That is, the type is `&'static [u8; N]`, where `N` is the number of bytes in the represented string described below.
r[expr.literal.byte-string.no-suffix]
The token must not have a suffix.
r[expr.literal.byte-string.literal-content]
The token's _literal content_ is the sequence of characters following the first `U+0022` (`"`) and preceding the last `U+0022` (`"`) in the string representation of the token.
r[expr.literal.byte-string.represented]
The literal expression's _represented string_ is a sequence of characters derived from the literal content as follows:
r[expr.literal.byte-string.escape]
* If the token is a [BYTE_STRING_LITERAL], each escape sequence of any of the following forms occurring in the literal content is replaced by the escape sequence's escaped value.
* [Simple escapes]
* [8-bit escapes]
* [String continuation escapes]
These replacements take place in left-to-right order.
For example, the token `b"\\x41"` is converted to the characters `\` `x` `4` `1`.
r[expr.literal.byte-string.raw]
* If the token is a [RAW_BYTE_STRING_LITERAL], the represented string is identical to the literal content.

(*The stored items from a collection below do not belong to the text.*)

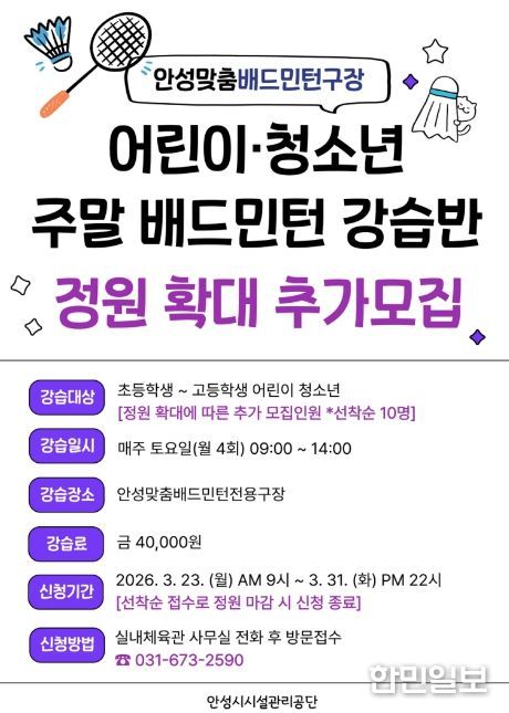 한민일보 서울포커스 임경복 기자 | 안성시시설관리공단은 안성 시민 생활체육 활성화를 위해 현재 운영 중인 주말 어린이・청소년 배드민턴 강습반 정원을 확대하고 추가 수강생을 모집한다고 밝혔다.
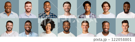 Set of happy multiracial people men smiling on blue studio backgrounds, panorama. Collage of portraits of candid handsome and cheerful young african american and caucasian guys posing at studio
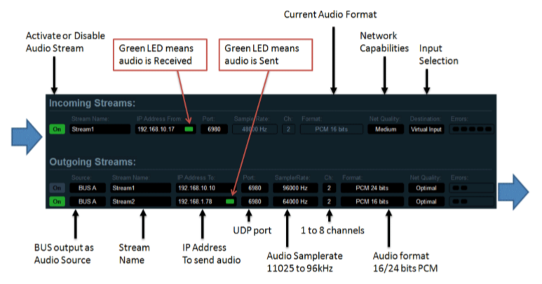 주 오디오 출력 장치 A1은 32kHz, 44.1kHz, 48kHz, 88.2kHz, 96kHz, 176.4kHz 또는 192kHz에서 작동할 수 있다. 이 샘플링 속도는 모든 혼합 처리 및 가상 ASIO 포인트에 사용된다(Voicemeeter는 다른 입력 또는 출력 포인트의 샘플링 속도를 지원한다).
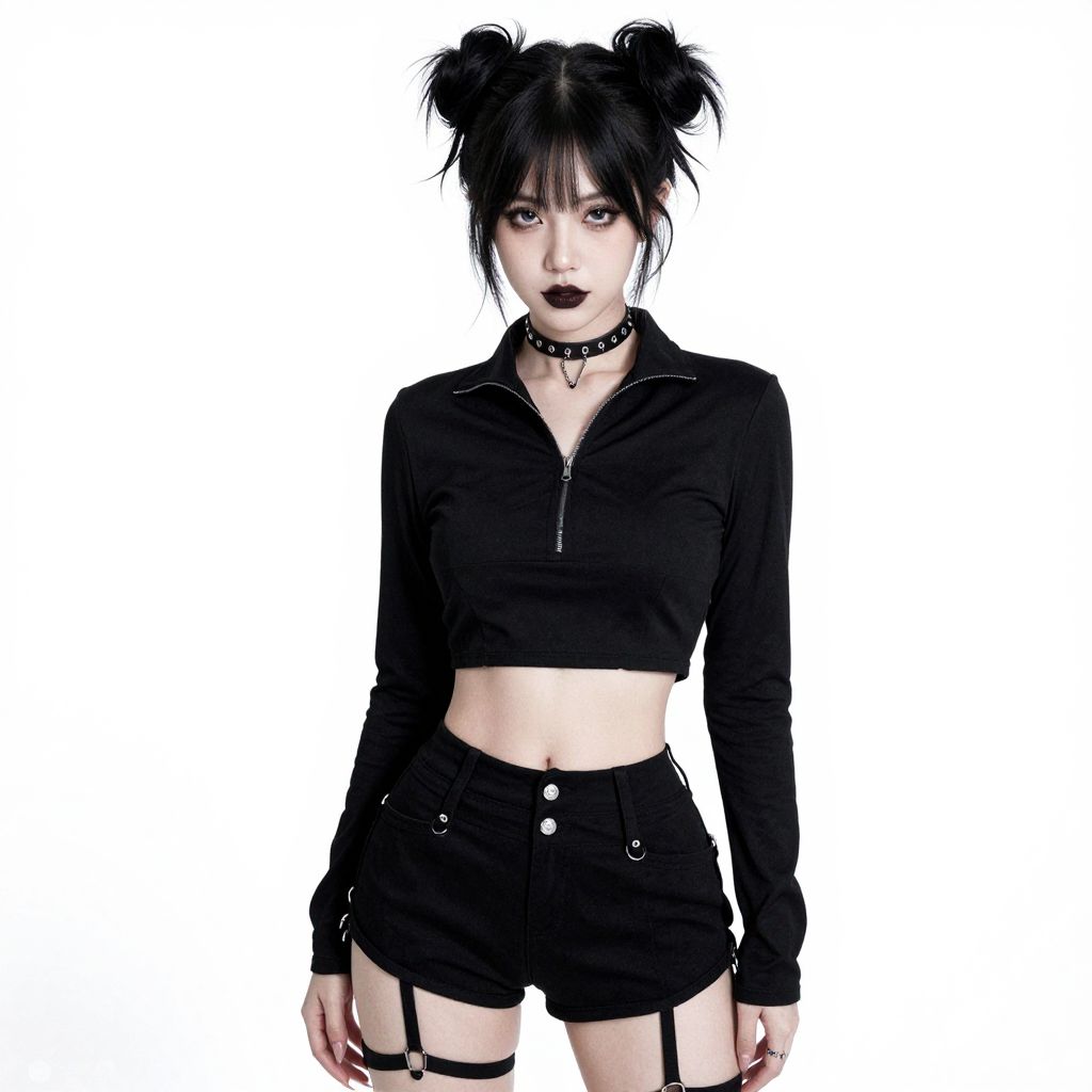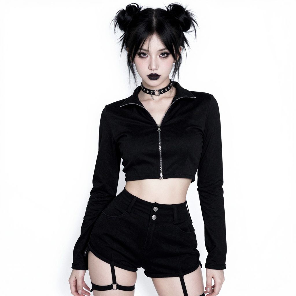 This is a digital image of a pale-skinned, goth-style woman with black hair in two buns, wearing dark lipstick. She's dressed in a black, long-sleeve crop top with a zipper, black high-waisted shorts with a garter strap, and a choker necklace. The background is white, making her outfit and appearance stand out starkly. The image has a slightly grainy, pixelated texture.
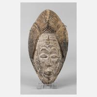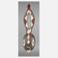 20. Jh., dem Stamm der Bwa zugeordnet, stilisierte bogenförmige Maske aus dem leichten Holz des Baumwollbaums, auch Plankenmaske genannt, weiße und rote Staffierung auf grauem Grund, mit stark gemuldetem Aufsatz mit spitzovaler Aussparung, kleinere Ausbrüche, zum Tragen ringsum gelocht, H ca. 70 cm.
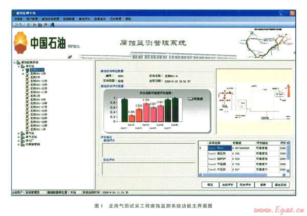 圖l為龍崗氣田試采工程腐蝕監(jiān)測(cè)系統(tǒng)功能主界面圖,通過中間數(shù)據(jù)庫實(shí)現(xiàn)與龍崗氣田數(shù)字化巡檢系統(tǒng)和三維地理信息系統(tǒng)的數(shù)據(jù)交互,實(shí)現(xiàn)腐蝕數(shù)據(jù)的圖形展示,為管理者提供決策依據(jù)。
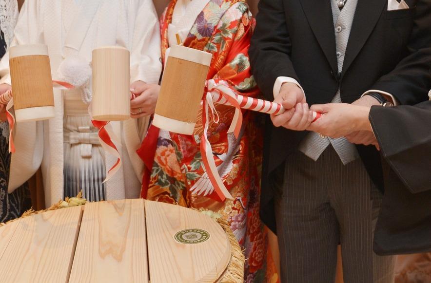特に凝った演出はおこないませんでしたが、お色直しでせっかく色打掛・紋付き袴を着たので鏡開きを行いました。 外国人のゲストも、大きな日本酒の酒樽に興味津々でした!残ったお酒も式が終わった後にお部屋に持ってきていただけたので、式の思い出に浸りながらお友達と楽しむことができました。
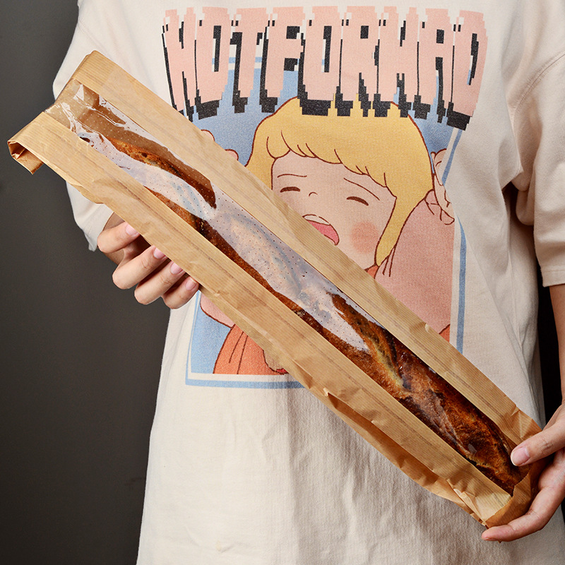 法棒袋輸入絨毯紋淋膜紙材質通気孔長法棒クラフト紙包装袋欧包パン50匹
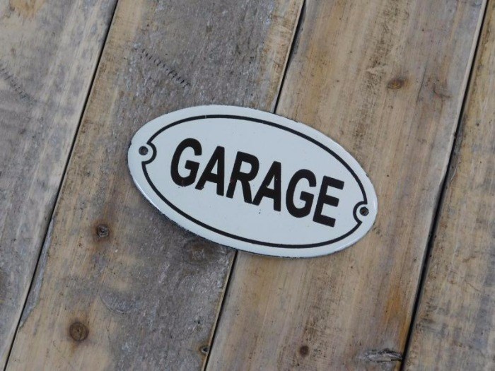 Een mooi emaille bordje voor aan de deur van uw garage, emaille.
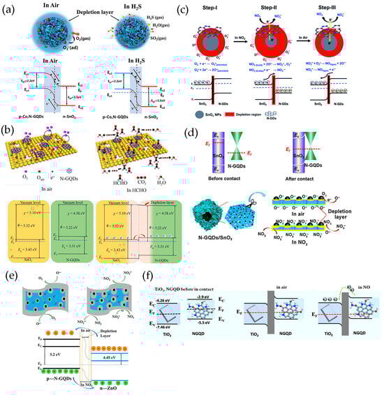 Figure 9. (a) H2S sensing mechanism and energy band structure of Co, N-GQDs/SnO2; (b) HCHO sensing mechanism and energy band structure diagram of N-GQDs/SnO2; (c,d) NO2 sensing mechanism and energy band structure of N-GQDs/SnO2; (e) Sensing mechanism of pure ZnO and N-GQDs; (f) Energy band structure of TiO2/N-GQDs. Reproduced with permission from [100,113,114,116,118]. Copyright 2021, Springer; copyright 2020, Royal Society of Chemistry; copyright 2021, Elsevier; copyright 2020, American Chemical Society.
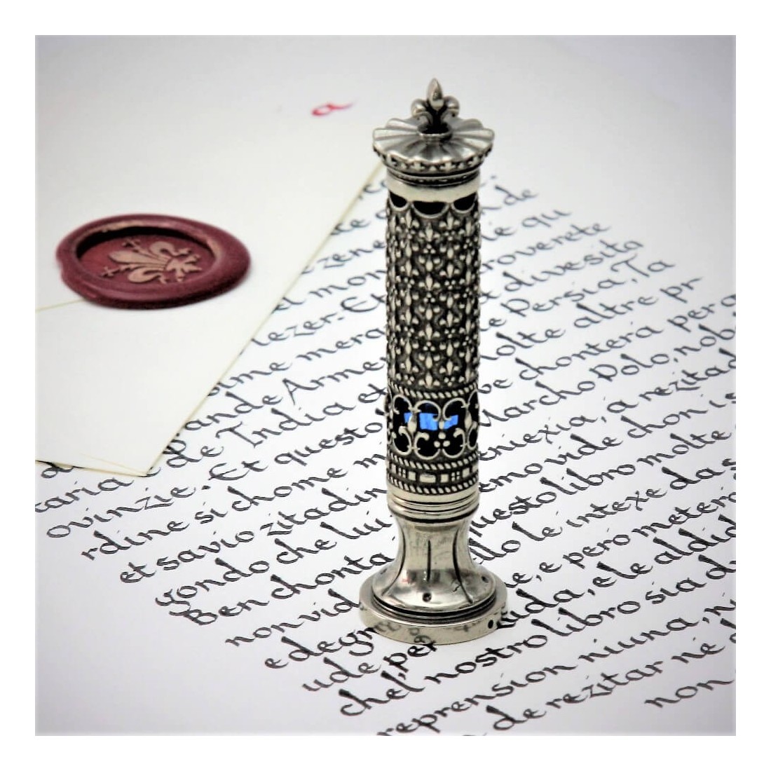 Corona voksforseglingen blev lavet fuldstændig i hånden af Bortoletti-håndværkere af hvid bronze støbt af tabt voks og mejslet i hånden som en ægte juvel. En havvandsfarvet glasstang er indlejret indeni.
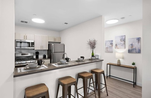 Welcome to this luxury to 2BR 2 Bath apt. Centrally located to all major highways and airport. The unit is complete with amenities such as free parking with EV charger and fitness center . Guests will enjoy a spacious luxury apt, with a great atmosphere. The surrounding area is ideal with local grocery and restaurants all within walking distance. Convenient walk to train station for NYC travel. Whether for business or leisure this versatile space will be perfect.
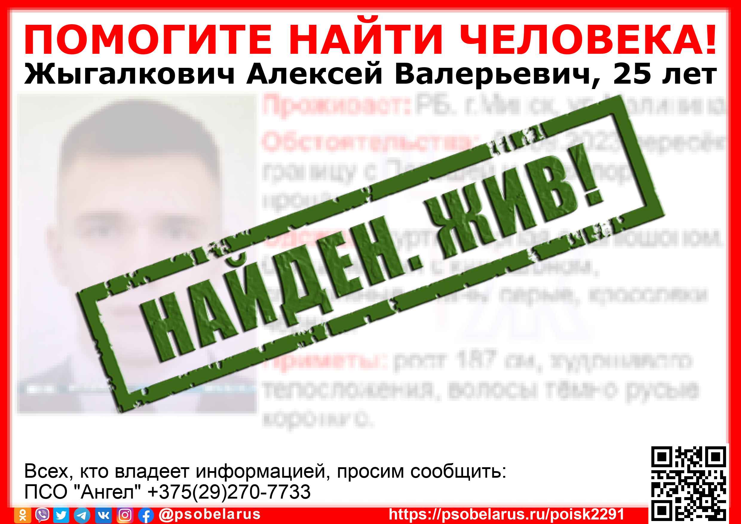Всех, кто владеет информацией, просим сообщить: ПСО "Ангел" +375(29)270-7733 |
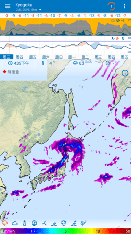 6、贴图:使用手指轻扫可控制随时间变化的预测动画。选择要显示在地图上的多个数据层,例如具有风流线的降水和云层。
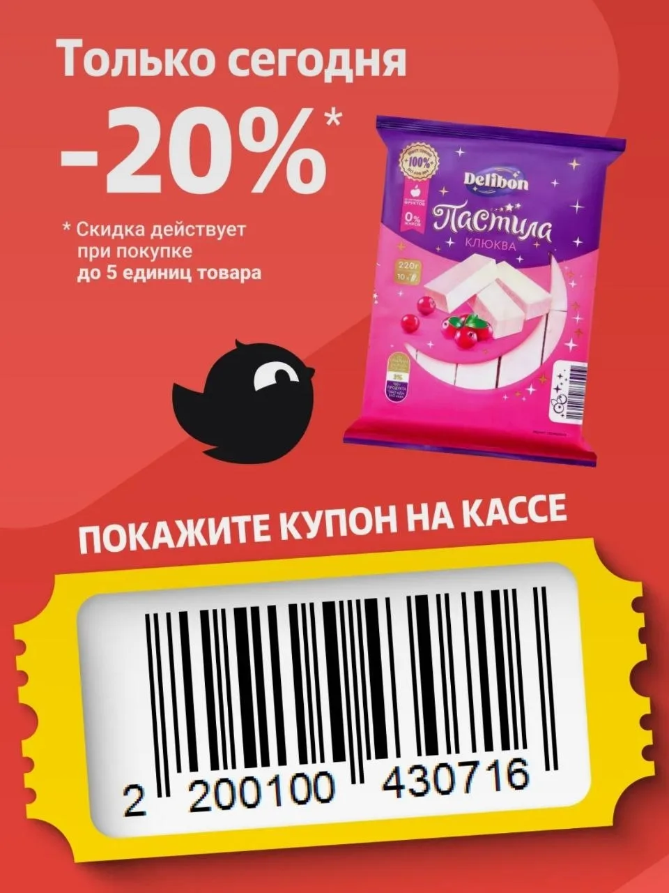 Купон на скидку 20% в Чижике на пастилу Delibon🔥
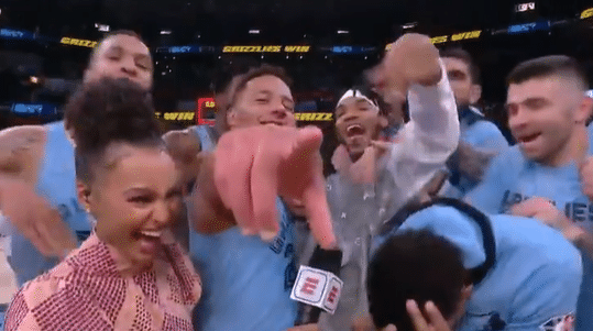第四节打出疯狂的攻击波时,灰熊主场球迷也非常开心,整座球馆陷入沸腾。赛后,灰熊全队都涌向贝恩,围住他疯狂庆祝。因为贝恩在第四节的关键时刻,连续命中3记三分球,彻底击垮了篮网。全场比赛,贝恩拿下23分,而灰熊全队则是7人上双。篮网欧文43分,杜兰特35分,无奈对手彻底暴走。
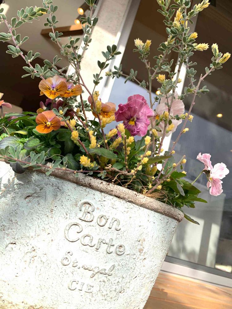 ロータスブリムストーン主役のパンジービオラが脇役みたいになって、良く言えばナチュラル感⁉️
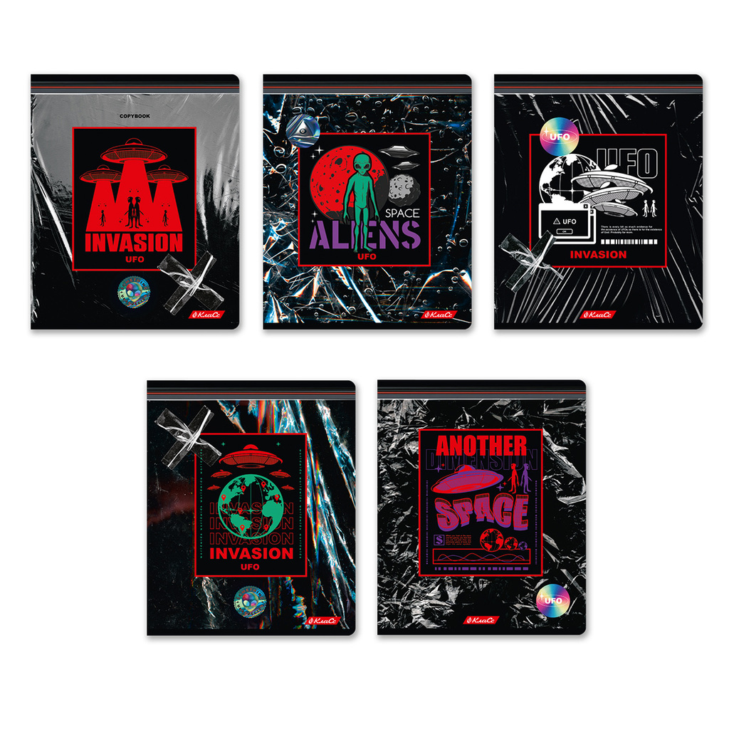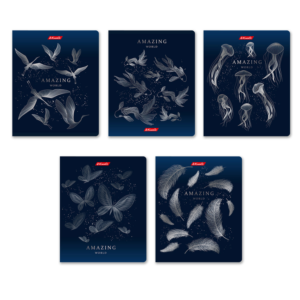 "Светоч"   96ТЕТк-007   Тетрадь ученическая общая, матовая ламинация + тиснение серебряной фольгой,   A5+   96 л.  на скобе   60 г/кв.м , белизна 100 \%  5 шт.  клетка

r[expr.literal.byte-string.result]
The expression's value is a reference to a statically allocated array containing the [Unicode scalar values] of the characters in the represented string, in the same order.
> [!NOTE]
> The permitted forms of [BYTE_STRING_LITERAL] and [RAW_BYTE_STRING_LITERAL] tokens ensure that these rules always produce array element values in the range of [`u8`][numeric types].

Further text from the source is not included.